Problem happens when java test that stresses GC receives SIGTERM. It may take long time to exit after test process receives SIGTERM from harness(which is using Process.destroy()). It may be also reproduced manually by running the test and pressing Ctrl-C. During my manual experiments, it took up to 15 minutes. However, during nightly testing, many test processes are left for longer time. It seems that when there are multiple java processes handling SIGTERM, the time may be much longer.
To reproduce it manually:
ssh to solaris-x86 machine (I reproduced it on vm-linux-1.sfbay)
/net/gtee.sfbay/export/nightly/mustang/JDK/gc_baseline/jdk1.6/solaris-i586/bin/java -cp /net/gtee.sfbay/export/gtee/suites/testbase_vm.1.6/vm/bin/classes -server -Xmixed -DHANGINGJAVA13719 -XX:-PrintVMOptions -XX:+UseParallelGC -XX:+UseParallelOldGC -Xms120m gc.gctests.FinalizeTest02.FinalizeTest02
(Press Ctrl-C and observe what happens. Repeated Ctrl-C does not seem to help)

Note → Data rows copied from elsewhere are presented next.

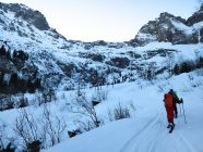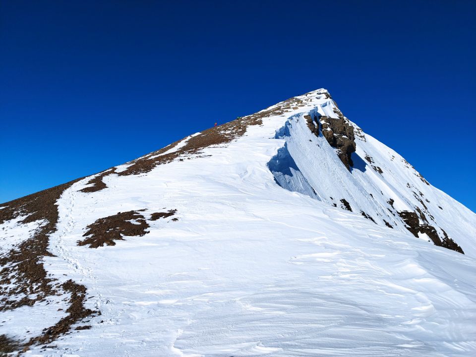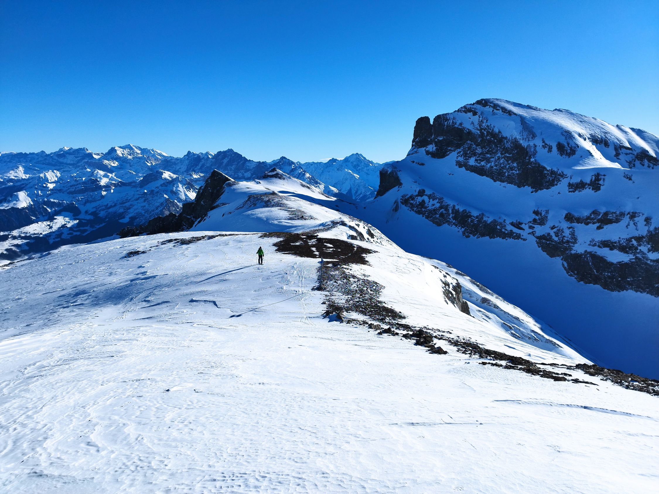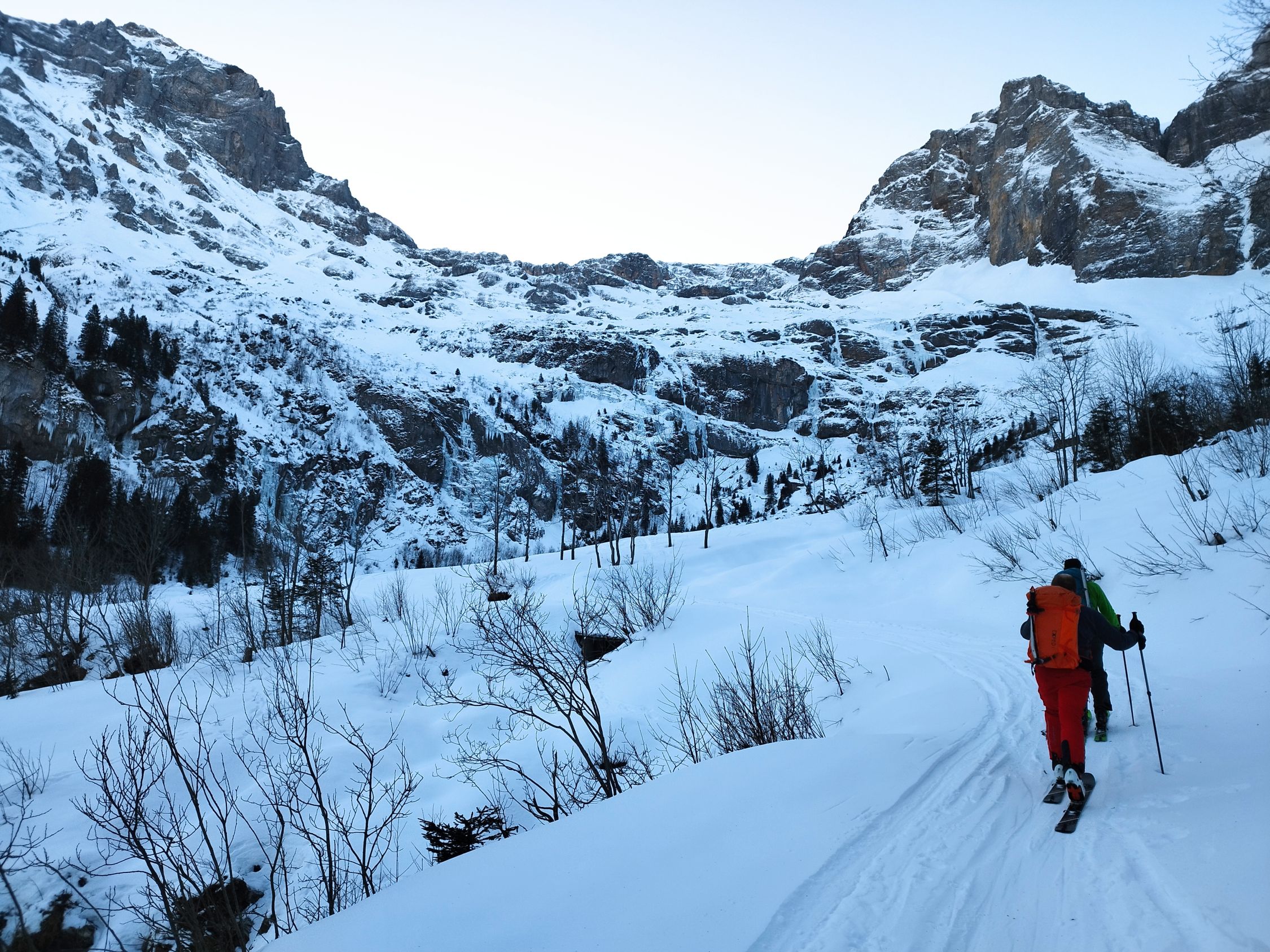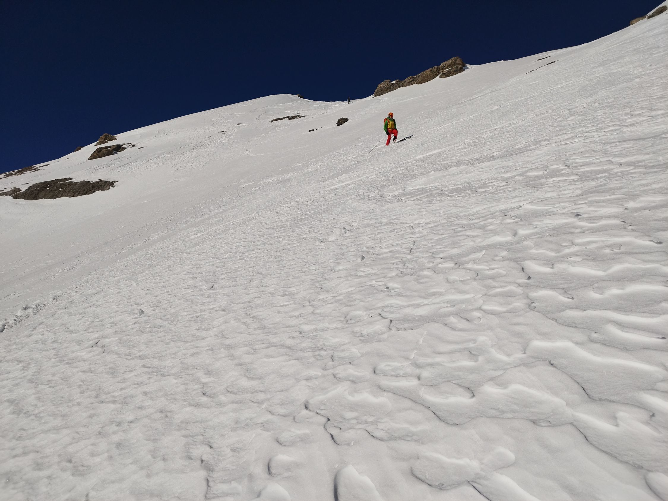Man muss mit alle Arten von Schnee rechnen. Unten gibt's Pulverschnee, im mittleren Teil, unter der Gitschenhörelihütte ist es abwechslungsreich mit hartem und Wind-bearbeitete Schnee und oben hat's wenig Schnee. Es gibt sehr wenig Schnee auf dem Gipfelhang. Steigeisen sind hilfreich aber nicht nötig. Der Steilhang unter dem Rotstocksattel war um 14 Uhr gut zum Fahren (eine Mischung von windgepresst und sulzig).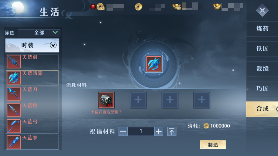 前往【生活界面】→【合成】→选择「其他」→「时装」,合成您想要的武器。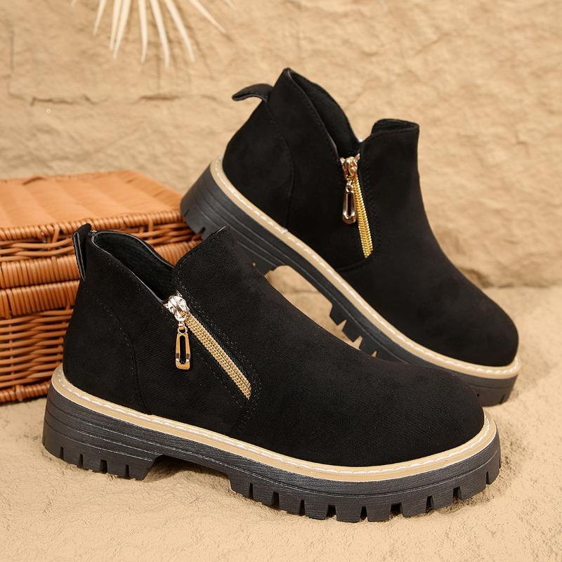 Внешняя торговля новые большие размеры двойная молния платформа ботинки Мартин женские трансграничные короткие голенища круглый носок замша толстый каблук и ботильоны

I tried to use jstack on the process after hitting Ctrl-C, but it seems to also hang. Pstack works, several different native thread dumps are attached to this bug report.
This problem severly affects nightly testing: harness cannot timely terminate child test processes and they fill all available memory on the machine, causing unexpected failures.